Ultimately, to grab the hand of our potential trustingly, and to let it lead us, one must be prepared for the inevitable visit of confusion, despair, hopelessness, doubt, and loneliness.
The path of self-actualisation asks of us that we commit to it fully, and that we trust our own, quiet, secret encounters with it. It is there that it speaks to us, when we turn our ears and minds into the gentle hum of our inner landscapes, when we ask over and over again what is it that it yearns to speak, and when it finally does — we are ready to hear, and follow.
To reach and sustain gentleness, that seems to be the path.
As many of you may already experienced, dear readers, gentleness doesn’t come without pain. For hardship and softness enable one another and they sustain this cycle until we’re softened enough to embrace all the happening.
When there’s no resistance in us, we are ready to let everything happen to us, as Rilke continues to advice, and we don’t hold preference towards neither beauty nor terror, but we understand the essential role each of them has to play in actualising our potential.

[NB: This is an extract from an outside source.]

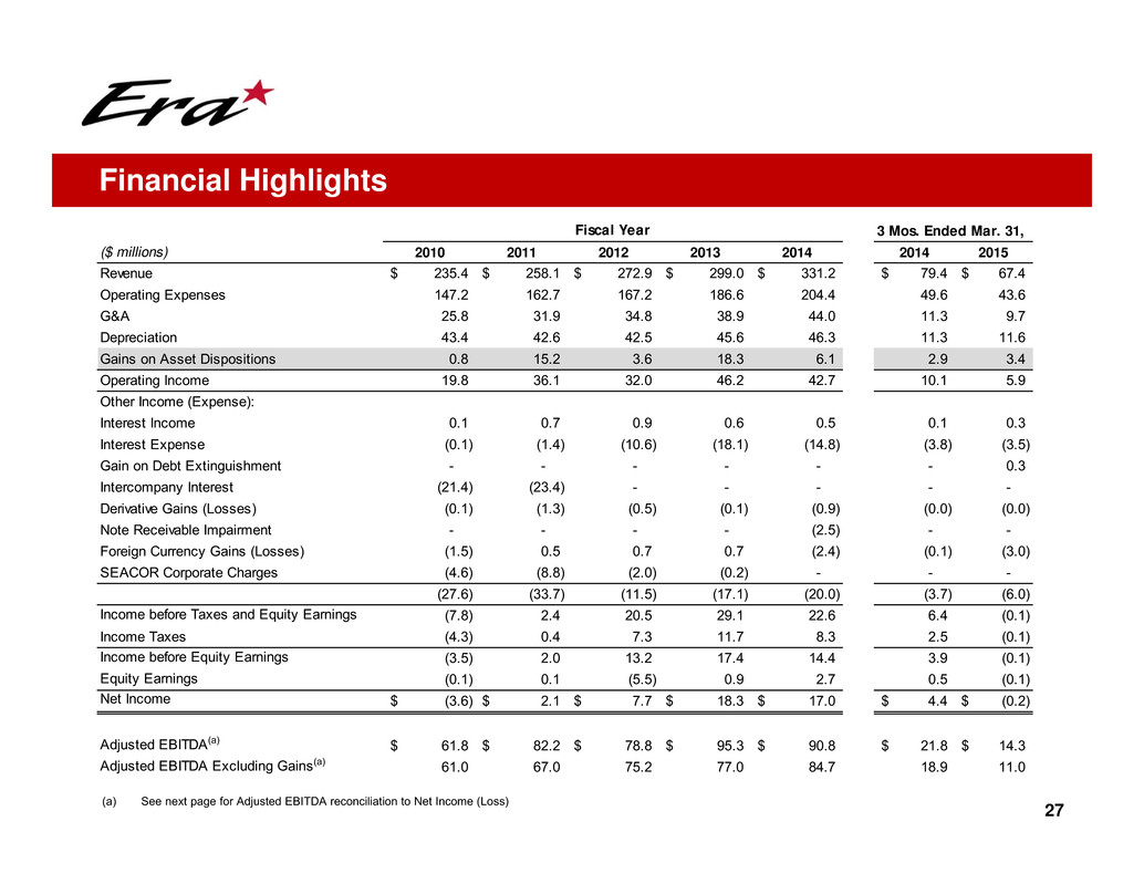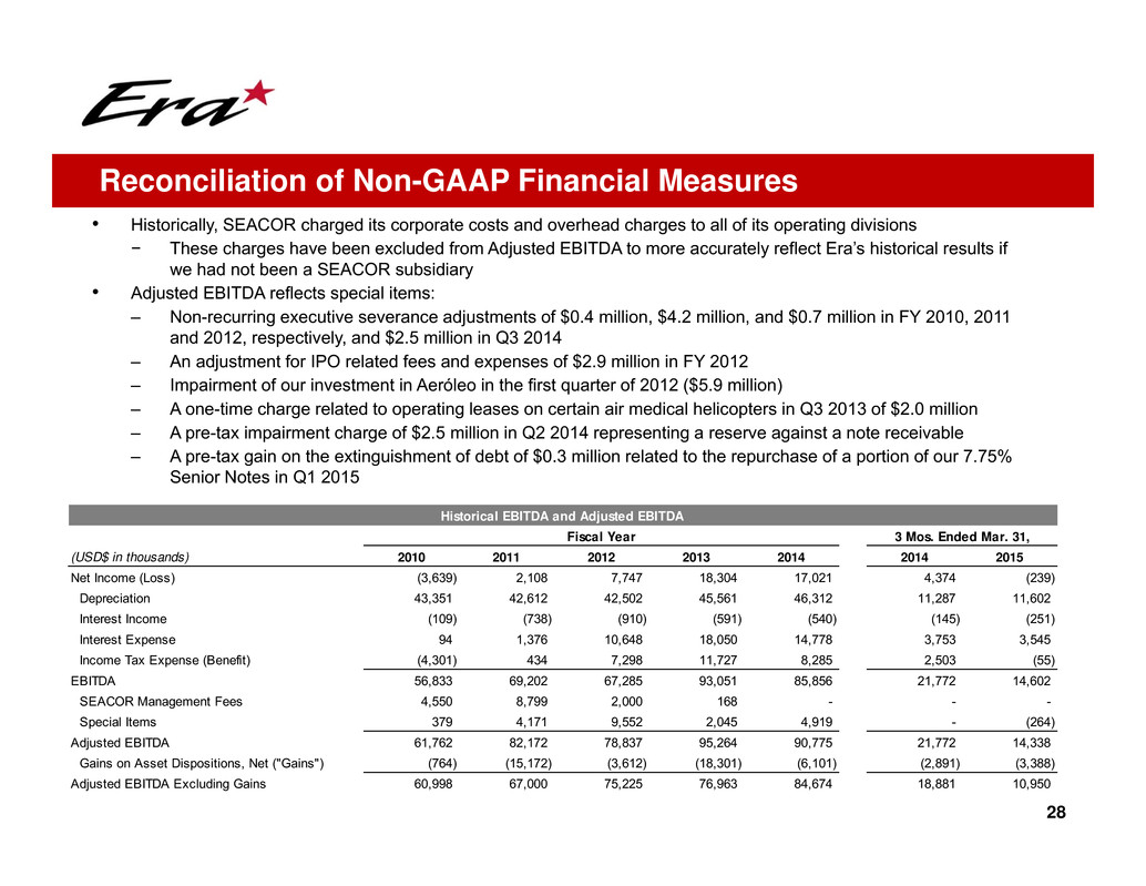• Historically, SEACOR charged its corporate costs and overhead charges to all of its operating divisions − These charges have been excluded from Adjusted EBITDA to more accurately reflect Era’s historical results if we had not been a SEACOR subsidiary • Adjusted EBITDA reflects special items: – Non-recurring executive severance adjustments of $0.4 million, $4.2 million, and $0.7 million in FY 2010, 2011 and 2012, respectively, and $2.5 million in Q3 2014 – An adjustment for IPO related fees and expenses of $2.9 million in FY 2012 – Impairment of our investment in Aeróleo in the first quarter of 2012 ($5.9 million) – A one-time charge related to operating leases on certain air medical helicopters in Q3 2013 of $2.0 million – A pre-tax impairment charge of $2.5 million in Q2 2014 representing a reserve against a note receivable – A pre-tax gain on the extinguishment of debt of $0.3 million related to the repurchase of a portion of our 7.75% Senior Notes in Q1 2015 28 Reconciliation of Non-GAAP Financial Measures Historical EBITDA and Adjusted EBITDA Fiscal Year 3 Mos. Ended Mar. 31, (USD$ in thousands) 2010 2011 2012 2013 2014 2014 2015 Net Income (Loss) (3,639) 2,108 7,747 18,304 17,021 4,374 (239) Depreciation 43,351 42,612 42,502 45,561 46,312 11,287 11,602 Interest Income (109) (738) (910) (591) (540) (145) (251) Interest Expense 94 1,376 10,648 18,050 14,778 3,753 3,545 Income Tax Expense (Benefit) (4,301) 434 7,298 11,727 8,285 2,503 (55) EBITDA 56,833 69,202 67,285 93,051 85,856 21,772 14,602 SEACOR Management Fees 4,550 8,799 2,000 168 - - - Special Items 379 4,171 9,552 2,045 4,919 - (264) Adjusted EBITDA 61,762 82,172 78,837 95,264 90,775 21,772 14,338 Gains on Asset Dispositions, Net ("Gains") (764) (15,172) (3,612) (18,301) (6,101) (2,891) (3,388) Adjusted EBITDA Excluding Gains 60,998 67,000 75,225 76,963 84,674 18,881 10,950

Such a path is, of course, unwelcome by the general public, and thus, it is not unheard of for it to require a certain level of isolation. One must grow accustomed to solitude and self-reliance to, paradoxically, grow capable of serving. Because this, too, is what the calling is about. It never caters only to its host, but it seeks to reach many.
Let’s hear from John O’Donohue once more: “it’s lovely when you find someone at work who’s doing exactly what they dreamed they should be doing and whose work is an expression of their inner gift. And in witnessing to that gift and bringing it out, they actually provide an incredible service to us all. And I think you see that the gifts that are given to us as individuals are not for us alone, or for our own self-improvement, but they’re actually for the community and to be offered.”
Whatever it is that we are called to do, it is not given to us alone, but it is instilled within our beings to sow plenty and harvest abundantly for others’ benefit.
Therefore, within one’s means and capabilities, and those are certainly of overcoming the fear, one is, to put it plainly, responsible for learning the ways of listening and following the steps which one’s heart demands of them.
I believe we owe ourselves, and we certainly owe the world, at least as much as an attempt at understanding our calling and trusting its lead. We should at least go as far as to see where is it that it invites us to travel. That at least we can say, “I have seen the path, and I’ve chosen to go elsewhere”.
We must know what we were born for.
We are then free to choose how, and where to let our feet go, but let us make it a conscious, well-rounded choice. Let us not get lost in finding the reason in the unreasonable.
Let us not be consumed by the fear of the infinite within us.
Question to you, dear reader:
When does your potential call you the loudest?
When does your potential call you the loudest? - When I remove my awareness from it.